Step 6: Soft-Delete Stale Content

def soft_delete_content(sdk, items, trash_folder_id):
    """Move stale content to a Trash folder instead of hard-deleting."""
    for item in items:
        try:
            if item["content_type"] == "dashboard":
                sdk.move_dashboard(item["content_id"], trash_folder_id)
            elif item["content_type"] == "look":
                sdk.move_look(item["content_id"], trash_folder_id)

            item["action_taken"] = "moved_to_trash"
        except Exception as e:
            item["action_taken"] = f"error: {str(e)}"

    return items

Important: Always soft-delete (move to a Trash folder) instead of hard-deleting. Create a "Trash — Auto-Archived" folder that admins can review. If someone complains about a missing dashboard, you can restore it.
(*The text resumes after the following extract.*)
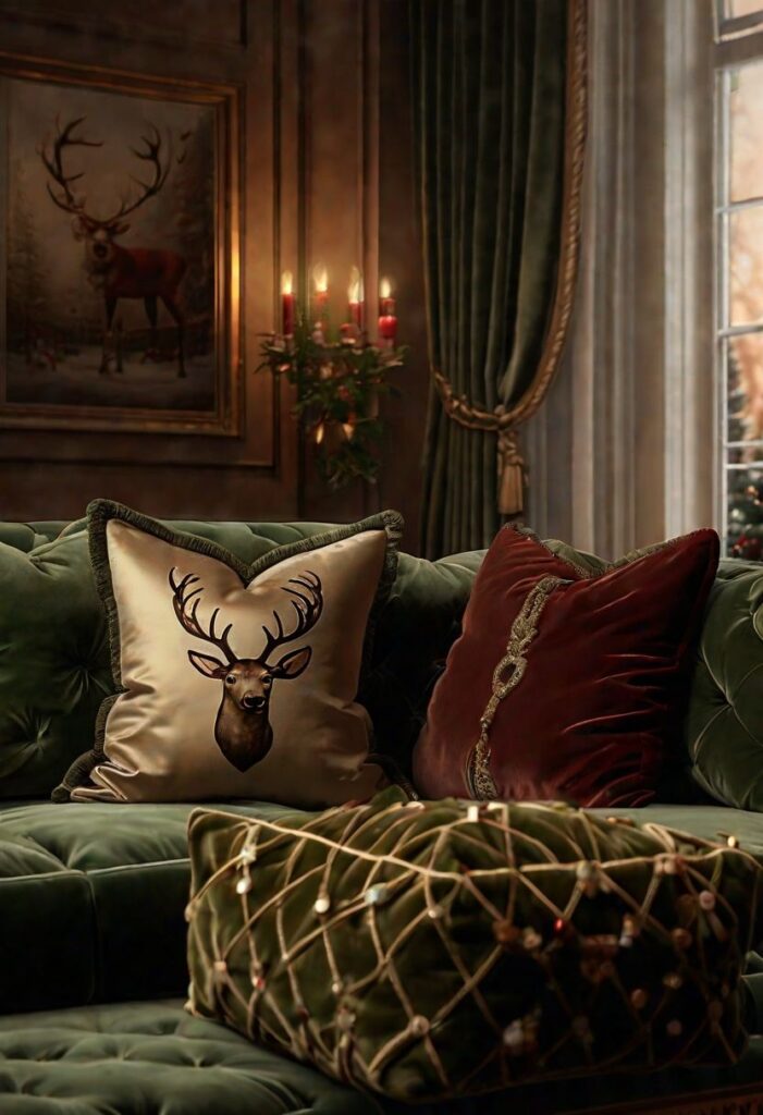 Theme and Texture: The image showcases a rich, traditional aesthetic using deep colors and varied textures (velvet, embroidery, tapestry). A stag or deer motif is featured prominently on a cushion, instantly adding a touch of rustic, natural charm that personalizes the space and evokes a warm, lodge-like feeling.

After 90 days in Trash with no complaints, hard-delete.

Step 7: Put It All Together

def run_cleanup(sdk, project_id="your-project", dataset="looker_audit",
                table="content_cleanup", trash_folder_id="your-trash-folder-id"):
    """Main cleanup pipeline."""
    print(f"Running content cleanup — stale threshold: {STALE_DAYS} days")
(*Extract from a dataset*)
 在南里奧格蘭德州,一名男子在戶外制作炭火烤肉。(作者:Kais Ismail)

    # Identify stale content
    stale_dashboards = get_stale_dashboards(sdk, CUTOFF_DATE)
    stale_looks = get_stale_looks(sdk, CUTOFF_DATE)
    all_stale = stale_dashboards + stale_looks

    # Flag orphaned content
    all_stale = get_orphaned_content(sdk, all_stale)

    print(f"Found {len(stale_dashboards)} stale dashboards, {len(stale_looks)} stale Looks")

    if not all_stale:
        print("No stale content found. Done.")
        return

    # Move to trash
    all_stale = soft_delete_content(sdk, all_stale, trash_folder_id)

    # Log to BigQuery
    log_to_bigquery(all_stale, project_id, dataset, table)
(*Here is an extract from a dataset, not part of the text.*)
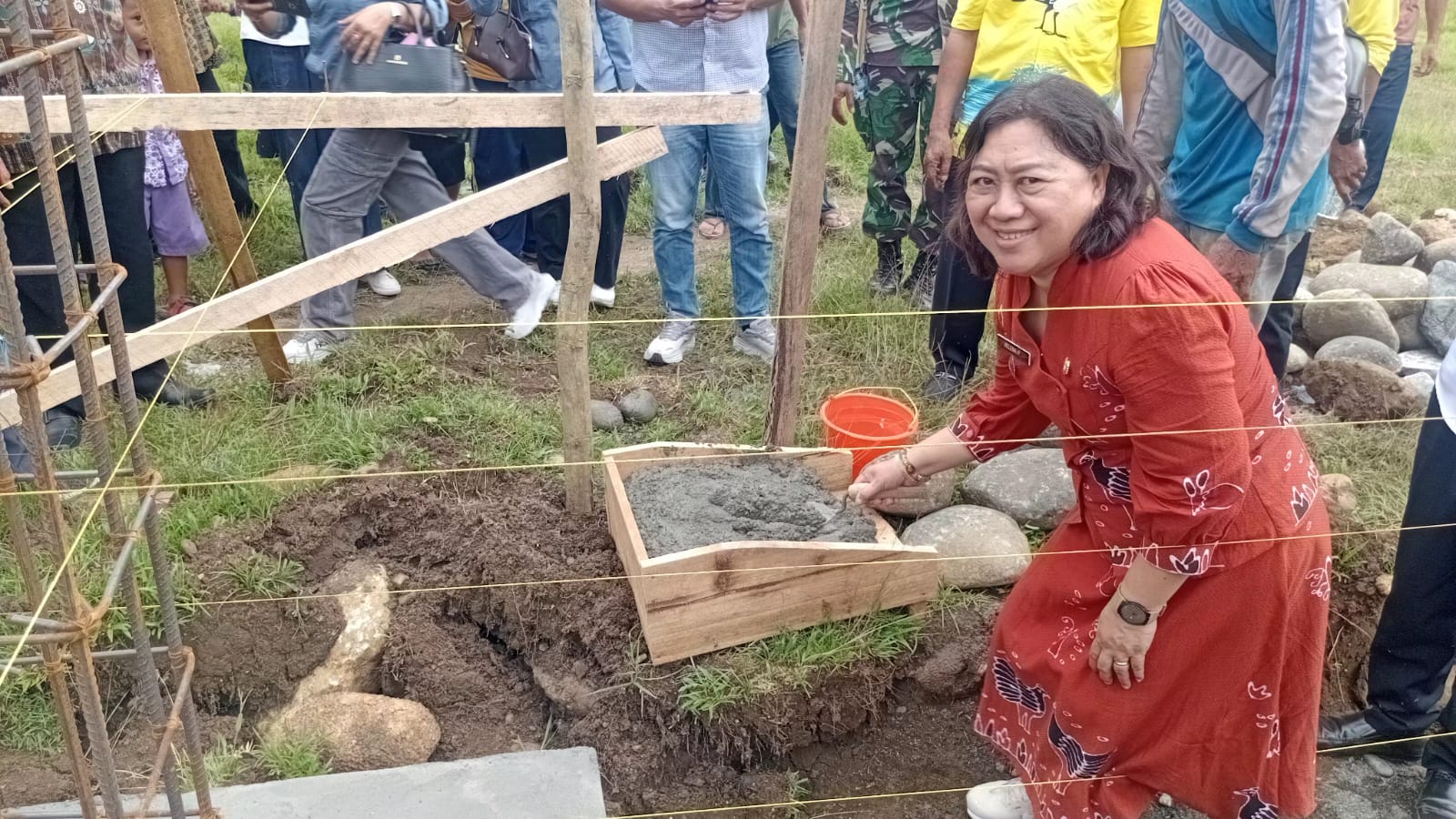 OBORMOTINDOK.CO.ID. Banggai– Kepala Dinas Koperasi, Usaha Mikro Kecil dan Menengah (KUMKM) Kabupaten Banggai, Helena Agustina Padeatu, menghadiri acara peletakan batu pertama pembangunan Gerai Koperasi Merah Putih (KMP) di Desa Maleo Jaya, Kecamatan Batui Selatan, Kabupaten Banggai, Kamis pagi (8/1/2026).

    print(f"Cleanup complete. {len(all_stale)} items archived and logged.")

if __name__ == "__main__":
    sdk = looker_sdk.init40("looker.ini")
    run_cleanup(sdk)

Scheduling the Pipeline

Run this on a 90-day cadence using any scheduler:

Google Cloud (Cloud Scheduler + Cloud Run):

gcloud scheduler jobs create http looker-content-cleanup \
  --schedule="0 6 1 */3 *" \
  --uri="https://your-cloud-run-service/cleanup" \
  --http-method=POST

GitHub Actions:

on:
  schedule:
    - cron: '0 6 1 */3 *'  # First day of every 3rd month at 6am

jobs:
  cleanup:
    runs-on: ubuntu-latest
    steps:
      - uses: actions/checkout@v4
      - run: pip install looker-sdk google-cloud-bigquery
      - run: python cleanup.py
        env:
          LOOKERSDK_BASE_URL: ${{ secrets.LOOKER_URL }}
          LOOKERSDK_CLIENT_ID: ${{ secrets.LOOKER_CLIENT_ID }}
          LOOKERSDK_CLIENT_SECRET: ${{ secrets.LOOKER_CLIENT_SECRET }}

Querying the Audit Trail

Once you have a few runs logged in BigQuery, you can answer governance questions:

-- How much stale content has been cleaned up over time?
SELECT
  DATE_TRUNC(run_date, QUARTER) AS quarter,
  content_type,
  COUNT(*) AS items_archived,
  COUNTIF(creator_disabled) AS orphaned_items
FROM `project.looker_audit.content_cleanup`
GROUP BY 1, 2
ORDER BY 1 DESC;

-- Which folders accumulate the most stale content?
SELECT
  folder_id,
  COUNT(*) AS stale_items,
  AVG(view_count) AS avg_views
FROM `project.looker_audit.content_cleanup`
WHERE run_date >= TIMESTAMP_SUB(CURRENT_TIMESTAMP(), INTERVAL 1 YEAR)
GROUP BY 1
ORDER BY 2 DESC
LIMIT 20;

These queries help you identify systemic governance issues — teams that create dashboards and abandon them, folders that need cleanup policies, and patterns that suggest your content creation process needs guardrails.